▶ Stored data
Segment Open
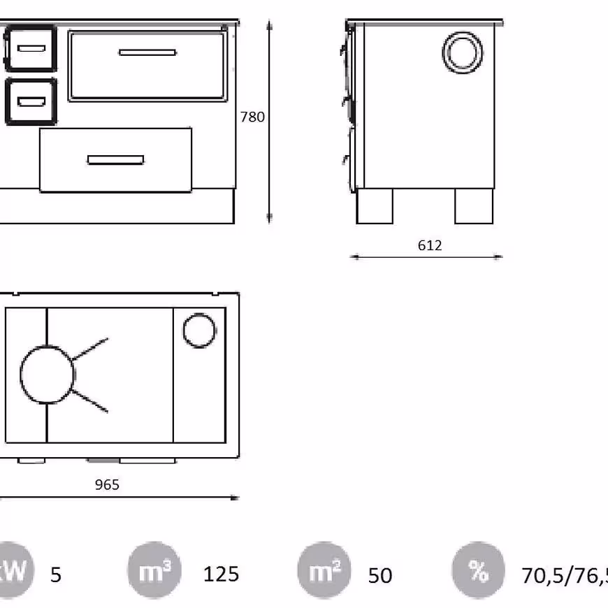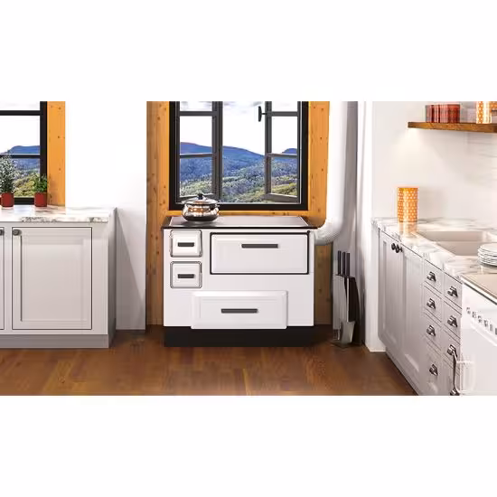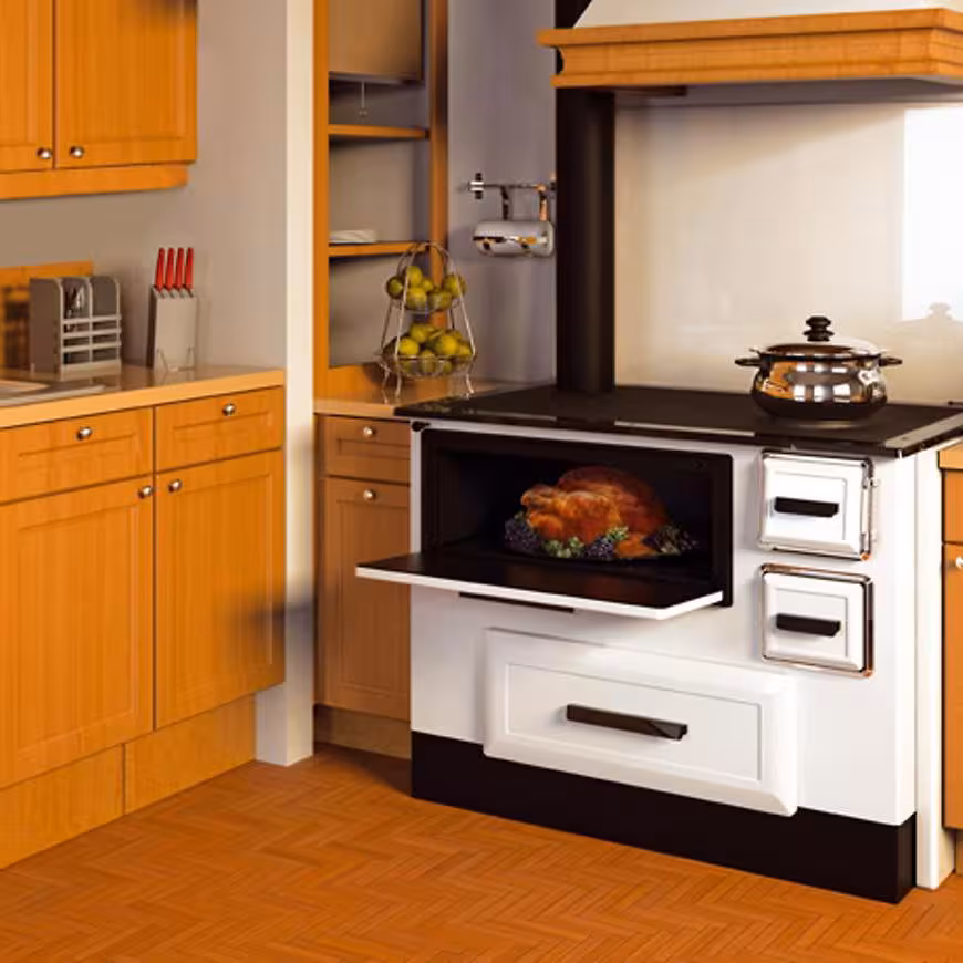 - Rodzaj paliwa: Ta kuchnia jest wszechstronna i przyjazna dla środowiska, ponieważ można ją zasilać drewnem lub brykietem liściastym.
Segment Closed
Segment Open
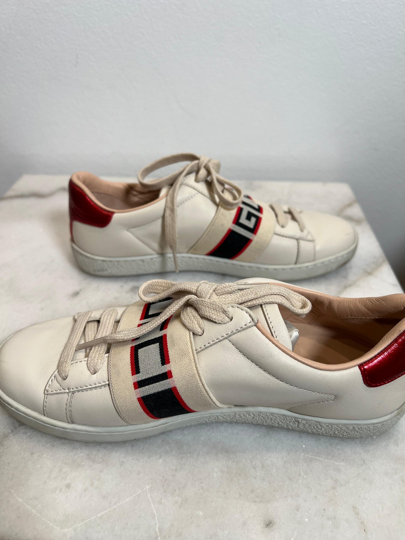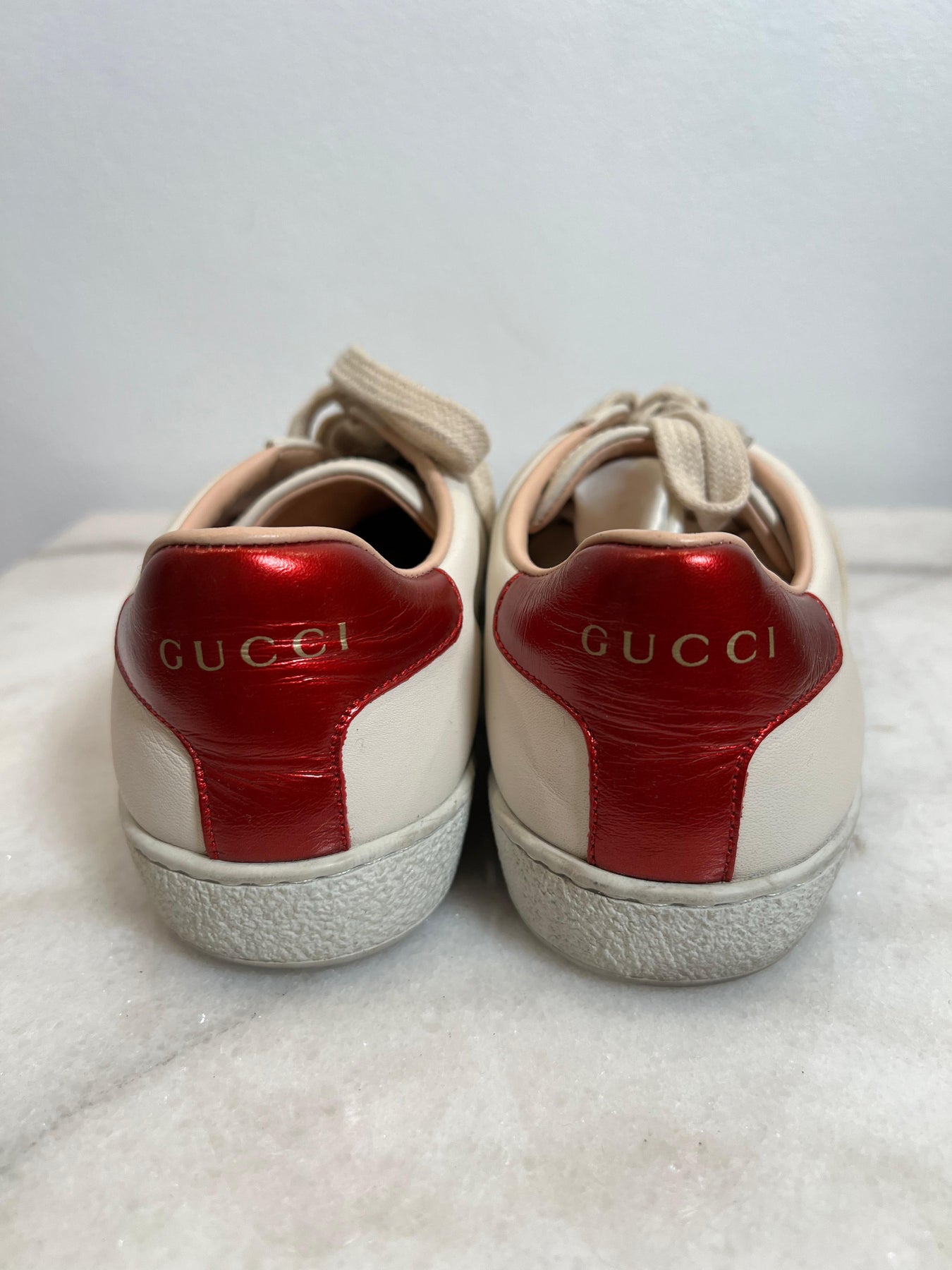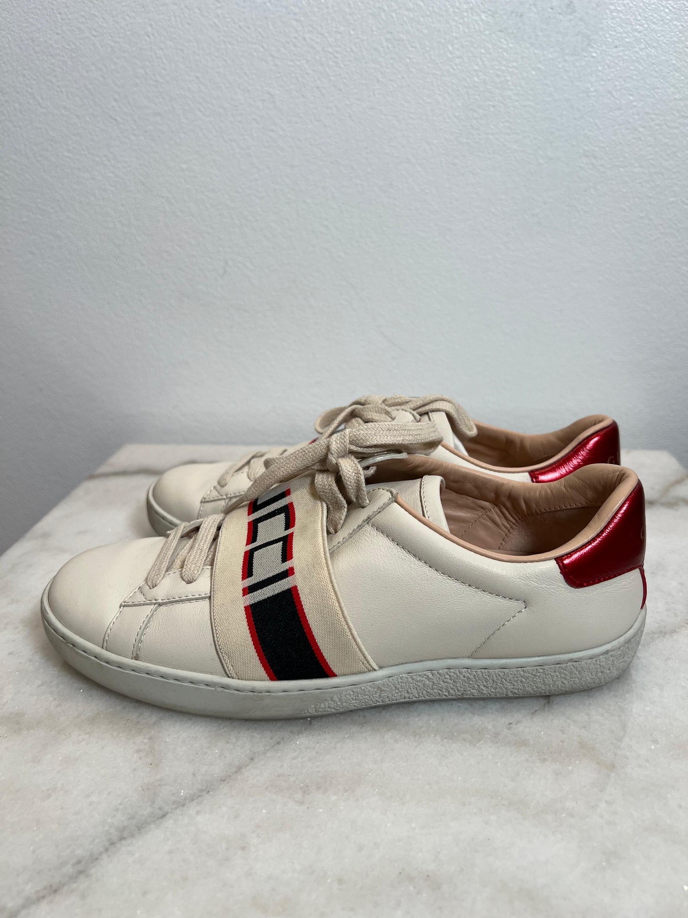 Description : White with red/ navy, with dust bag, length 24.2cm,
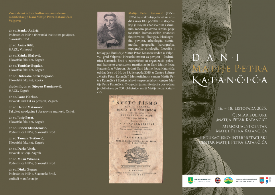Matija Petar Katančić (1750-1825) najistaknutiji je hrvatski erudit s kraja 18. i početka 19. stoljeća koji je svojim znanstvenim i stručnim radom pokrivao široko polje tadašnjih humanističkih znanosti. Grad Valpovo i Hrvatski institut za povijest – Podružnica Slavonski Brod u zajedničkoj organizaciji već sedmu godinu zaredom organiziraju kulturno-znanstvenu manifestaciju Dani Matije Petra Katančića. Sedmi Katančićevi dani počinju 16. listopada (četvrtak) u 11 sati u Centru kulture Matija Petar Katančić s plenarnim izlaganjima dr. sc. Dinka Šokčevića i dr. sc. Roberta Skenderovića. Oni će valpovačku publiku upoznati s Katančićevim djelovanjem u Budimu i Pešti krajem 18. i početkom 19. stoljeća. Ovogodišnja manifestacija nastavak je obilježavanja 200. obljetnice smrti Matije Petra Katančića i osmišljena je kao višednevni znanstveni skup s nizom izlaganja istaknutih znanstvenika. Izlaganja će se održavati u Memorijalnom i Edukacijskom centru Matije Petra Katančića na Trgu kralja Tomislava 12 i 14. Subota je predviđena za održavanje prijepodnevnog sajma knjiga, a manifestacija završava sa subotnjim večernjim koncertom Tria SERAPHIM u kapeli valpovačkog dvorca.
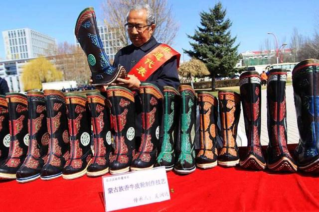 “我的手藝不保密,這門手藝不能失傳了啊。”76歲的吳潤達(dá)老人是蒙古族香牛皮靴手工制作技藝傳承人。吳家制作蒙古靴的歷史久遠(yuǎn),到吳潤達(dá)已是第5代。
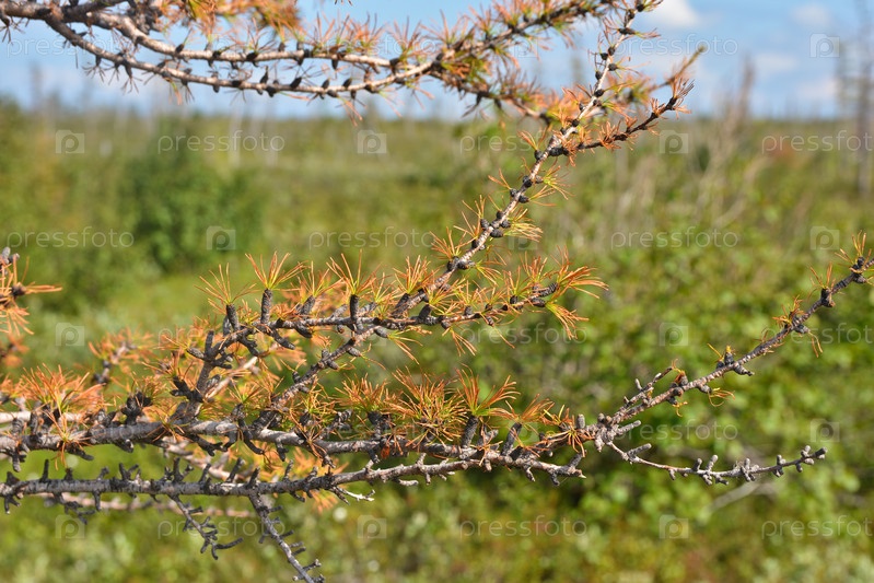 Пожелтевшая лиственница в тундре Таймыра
Segment Closed
▶ Problem description
Transcribe, from the material above, the stretch starting at the line with "Description : White" and ending at the line with "Matija Petar Katančić (1750-1825)", both included, exactly. Do not carry over pictures.

▶ Answer to this problem
 Description : White with red/ navy, with dust bag, length 24.2cm,
Matija Petar Katančić (1750-1825) najistaknutiji je hrvatski erudit s kraja 18. i početka 19. stoljeća koji je svojim znanstvenim i stručnim radom pokrivao široko polje tadašnjih humanističkih znanosti. Grad Valpovo i Hrvatski institut za povijest – Podružnica Slavonski Brod u zajedničkoj organizaciji već sedmu godinu zaredom organiziraju kulturno-znanstvenu manifestaciju Dani Matije Petra Katančića. Sedmi Katančićevi dani počinju 16. listopada (četvrtak) u 11 sati u Centru kulture Matija Petar Katančić s plenarnim izlaganjima dr. sc. Dinka Šokčevića i dr. sc. Roberta Skenderovića. Oni će valpovačku publiku upoznati s Katančićevim djelovanjem u Budimu i Pešti krajem 18. i početkom 19. stoljeća. Ovogodišnja manifestacija nastavak je obilježavanja 200. obljetnice smrti Matije Petra Katančića i osmišljena je kao višednevni znanstveni skup s nizom izlaganja istaknutih znanstvenika. Izlaganja će se održavati u Memorijalnom i Edukacijskom centru Matije Petra Katančića na Trgu kralja Tomislava 12 i 14. Subota je predviđena za održavanje prijepodnevnog sajma knjiga, a manifestacija završava sa subotnjim večernjim koncertom Tria SERAPHIM u kapeli valpovačkog dvorca.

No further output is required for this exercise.